In our travel writing class we just read an essay by Tobias Smollett who traveled across Europe in the 1800’s. Just imagine going on a trip with a curmudgeonly Grandpa Simpson and you’ll understand the kind of traveler Smollett was.


Upon traveling through France, Smollett notes:


“If there is no cleanliness among these people, much less shall we find decency… There are certain mortifying views of human natures, which undoubtedly ought to be concealed as much as possible, in order to prevent giving offence: and nothing can be more absurd than to plead the difference of custom in different countries, in defence of those usages which cannot fail giving disgust to the organs and senses of mankind.”

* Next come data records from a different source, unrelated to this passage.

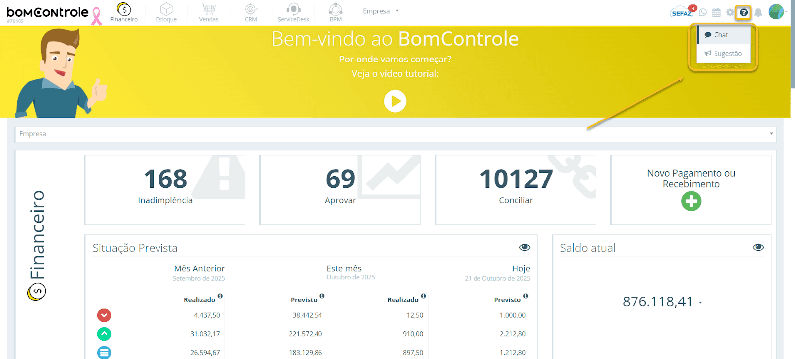 Uso típico: Utilize o chat de suporte para perguntar como realizar determinadas operações no sistema, reportar eventuais erros ou mensagens de erro que apareceram, solicitar orientações sobre configurações, ou qualquer outra questão técnica relacionada ao uso do BomControle. A equipe de suporte está treinada para ajudá-lo a usar melhor o ERP e geralmente responde em poucos instantes durante o horário de atendimento.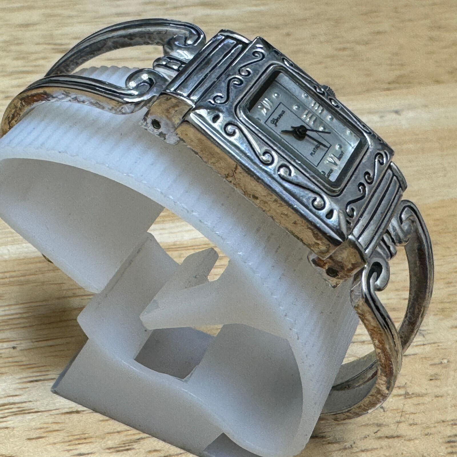 Geneva Quartz Watch Women Silver Rectangle Japan Movt Cuff Bangle New Battery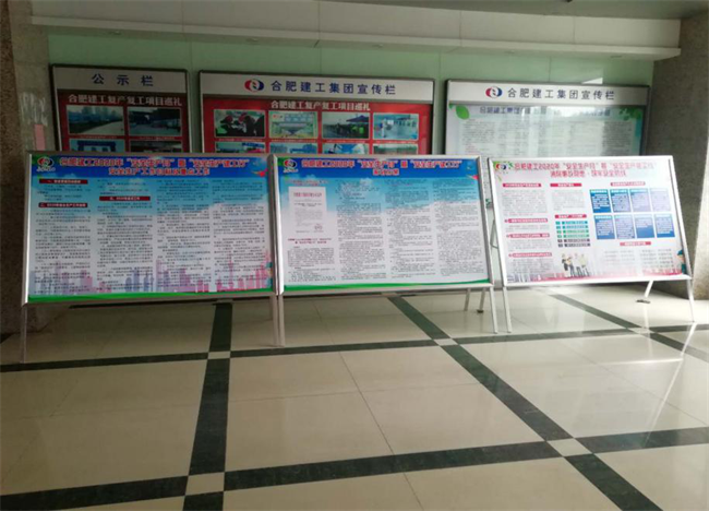 為切實增強全員安全生產(chǎn)意識和提升全員安全素質(zhì),合肥建工制作了“安全生產(chǎn)月”暨“安全生產(chǎn)建工行”宣傳展板在本部一樓大廳進行宣傳展示,各項目部在工程顯著位置張貼、懸掛“安全生產(chǎn)月”宣傳標語、橫幅、掛圖等,同時利用 LED 屏宣傳,在LED電子顯示屏上持續(xù)滾動播放安全公益廣告等,積極營造關(guān)心安全生產(chǎn)、參與安全發(fā)展的濃厚輿論氛圍。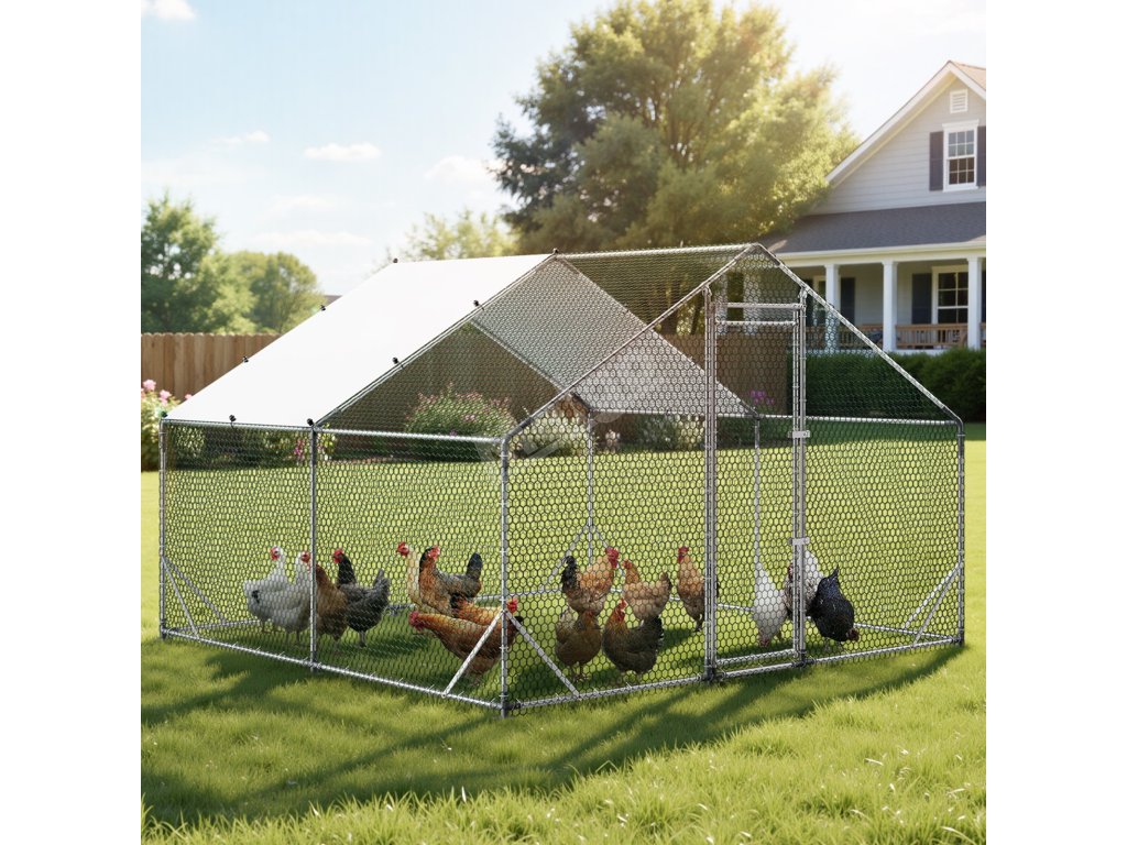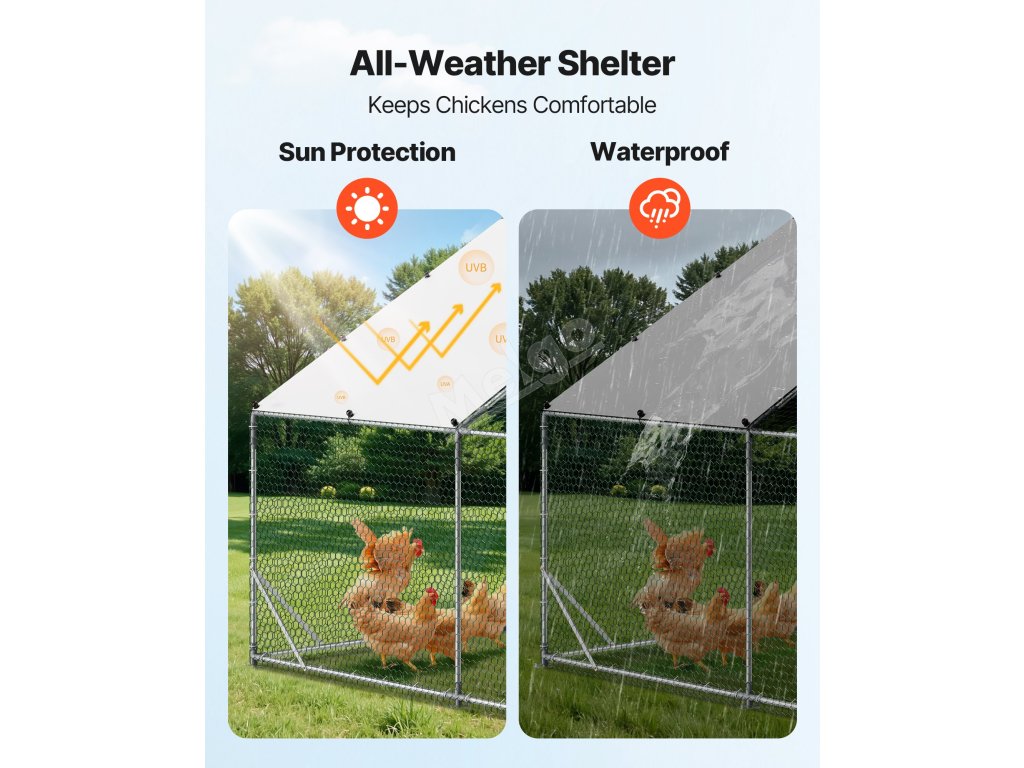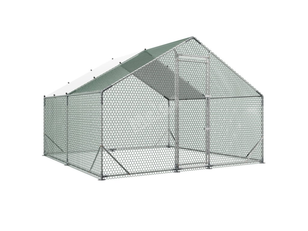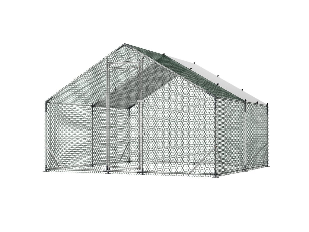 Kurník s výběhem 3×3×2 m, kovový rám, nepromokavá plachta, dveře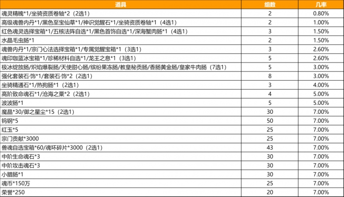 抽奖概率一览: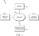 - The sensory input touch device 104 is a touch-screen device capable of receiving an input from a subject. For example, the sensory input touch device 104 may include a capacitive display screen that is capable of sensing one or more contacts that may be transformed into one or more indications of a subject's intent. A touch-screen device may implement a variety of techniques to identify a subject's input. For example, a touch screen may rely on technologies such as a resistive, a capacitive, a surface acoustic wave, infrared, strain gauge, dispersive signal technology, and acoustic pulse recognition. Generally, a touch-screen device is capable of displaying one or more graphical elements in an area that is functional to receive an input, such as a touch. An exemplary touch-screen device 104 may include an IPOD TOUCH available from the Apple Corporation of Cupertino, California. Similarly, an exemplary touch-screen device 104 may include gaming counsels (e.g., PLAYSTATION PORTABLE available from the Sony Computer Entertainment Inc. of Japan)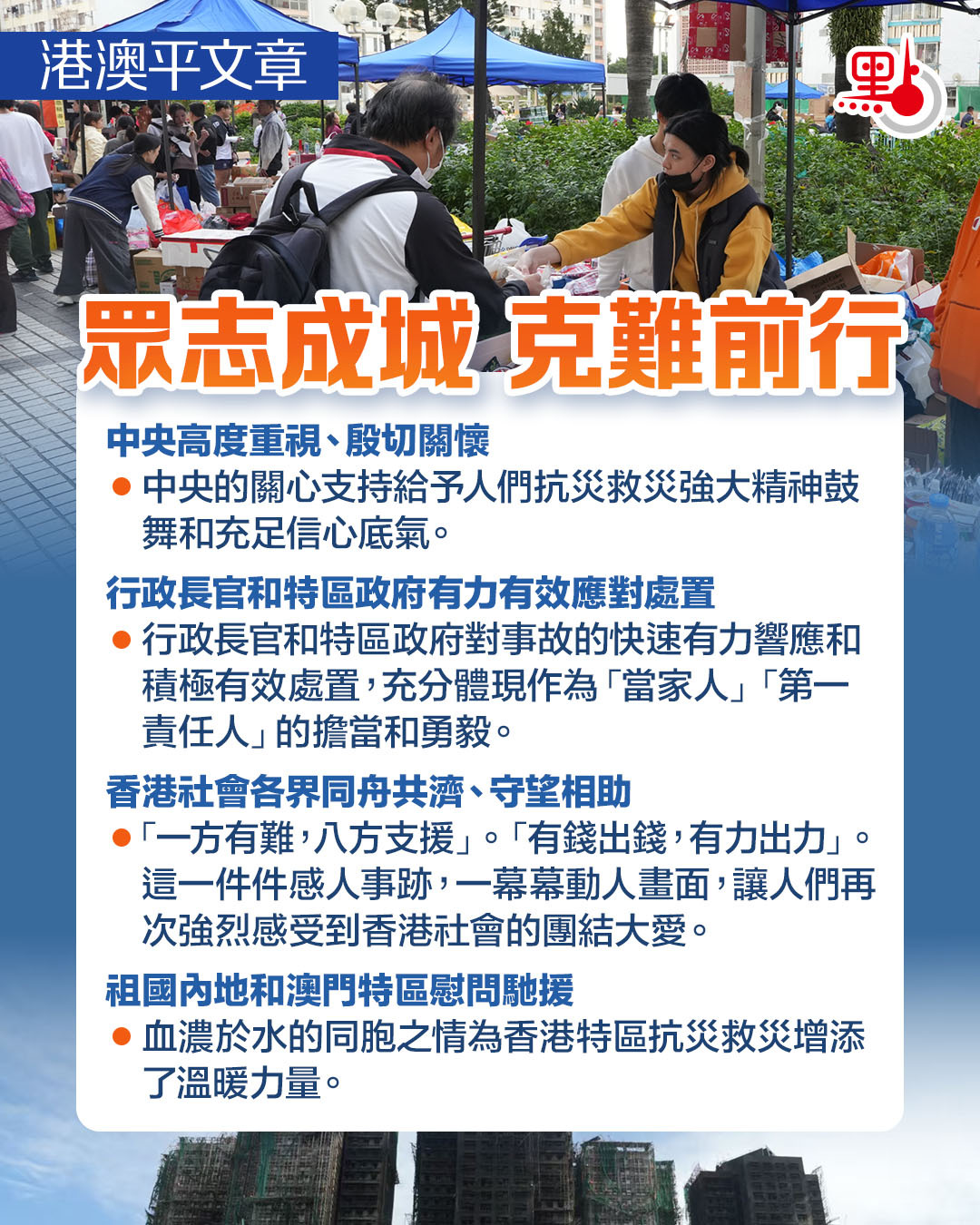 眾志成城,必能克難前行。有中央政府和祖國內地的強大後盾,香港特區政府帶領社會各界發揚獅子山精神,團結一致、排除干擾、齊心協力,一定能夠做好救災工作,渡過難關、邁步向前!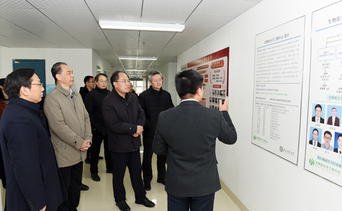 在校党委书记江春、校长夏涛、常务副校长马传喜的陪同下,赵振华一行先后考察了生物科技楼、中西部大楼,深入了解茶树生物学与资源利用国家重点实验室、作物抗逆育种与减灾国家地方联合工程实验室、安徽省粮食作物协同创新中心、生物质分子工程中心、长江经济带磷资源高效利用与水环境保护研究中心等科研创新平台建设情况,并参观了校史馆。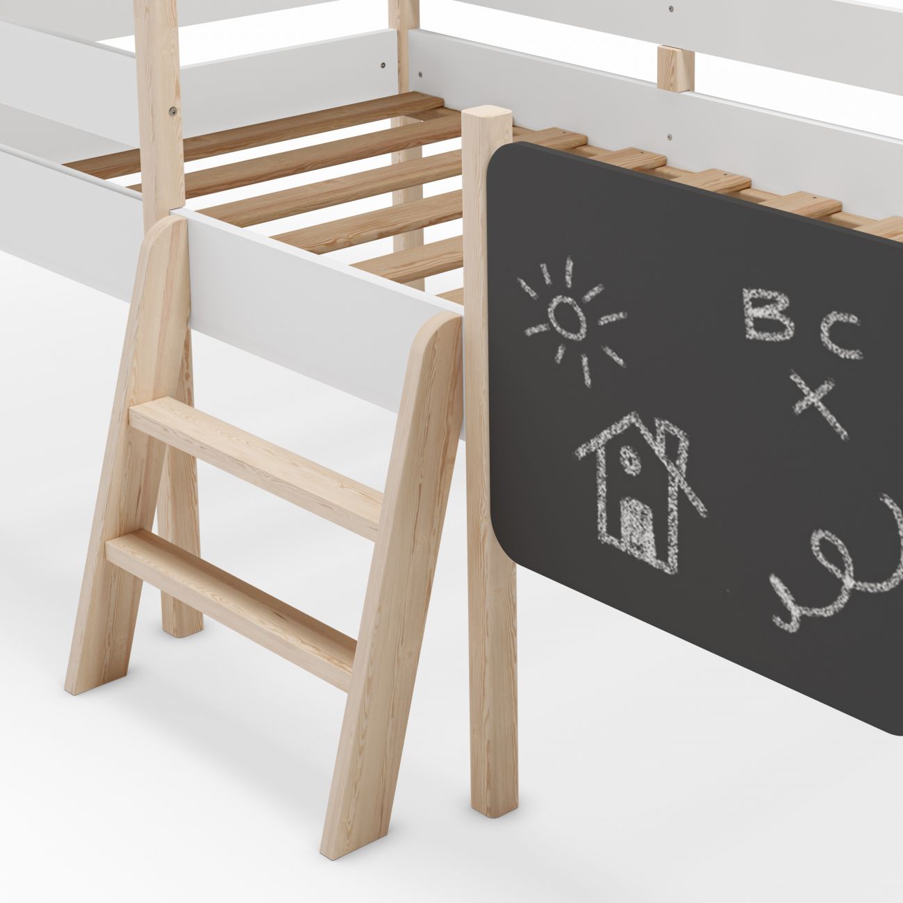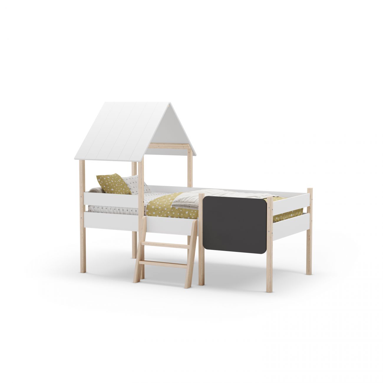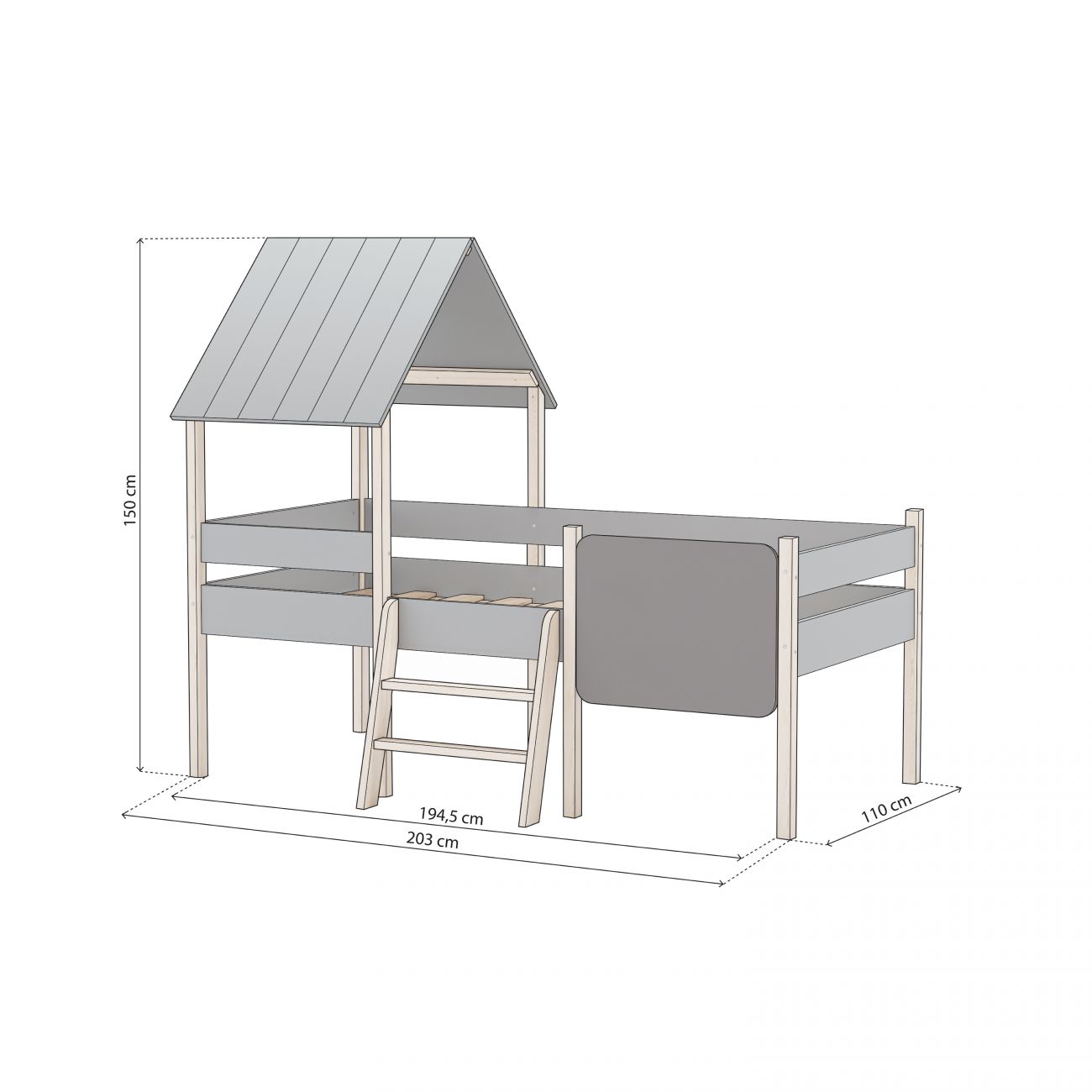 - O seu design inspirado numa cabana cria um canto acolhedoronde dormir se torna uma aventura diária. A estrutura inclui um telhado de duas águas e uma ardósia integrada, perfeita para dar asas à sua criatividade antes de dormir.

Yikes. He goes on to ridicule the French for things as trifling as hinges and locks.


I’ve determined to never become a Smollett. I wish to look upon the foreign—never with condescension—but with wide-eyed wonder. Each adversity ought to be treated as a noble challenge. New viewpoints and experiences will help me break apart the hardening clay that encrusts the idle of mind into their own little curmudgeonly worlds.


When we got to Bill’s apartment our class differences were evident. The apartment, with its 30-ft high ceilings, is located in a refurbished tobacco factory, which must cost at least $2,000 a month. Complete with a plasma screen TV, a PS3, and trendy decor, I realized I was in a home far different than the one I had to crouch into each evening.


Bill busted out some fancy wines. When I got out of his bathroom, I quickly noted how the party’s atmosphere had changed.


Bill stood in his boxers by the TV posing—like Costanza in front of a camera—while Lydia ineptly sketched his figure on a giant white sheet of canvas. Bill had his arms folded around the back of his head, and had his back arched as if he was stretching for a limbo. I was all giggles at this point but everyone else was deathly serious. Soon after, Bill got behind the canvas and with a charcoal pencil he feverishly drew Lydia who had stripped down to her bra and panties in a series of dark charcoal lines.


Lydia sprawled out on the floor and flipped off her bra unleashing a pair of jello-y, milky white breasts. Alley began stripping down and laid affectionately with her. I participated in this art scene by busting out my notebook and writing down everything I saw: empty wine bottles, ashtrays with cigarette stubs, two coeds writhing together on the floor with Tarkovsky’s Solaris on in the background, a spartan student in the midst of wealth, and a celibate in the midst of what could soon be an all-out orgy.


Lydia delivered wet, (though tongue-less) kisses to Alley and I think if a few more glasses of wine were imbibed I could have watched a freak-fest unravel. Alas, things ended harmlessly with a game of Apples to Apples and me smilingly teetering back to the van, relishing in the afterglow of my open-minded travels.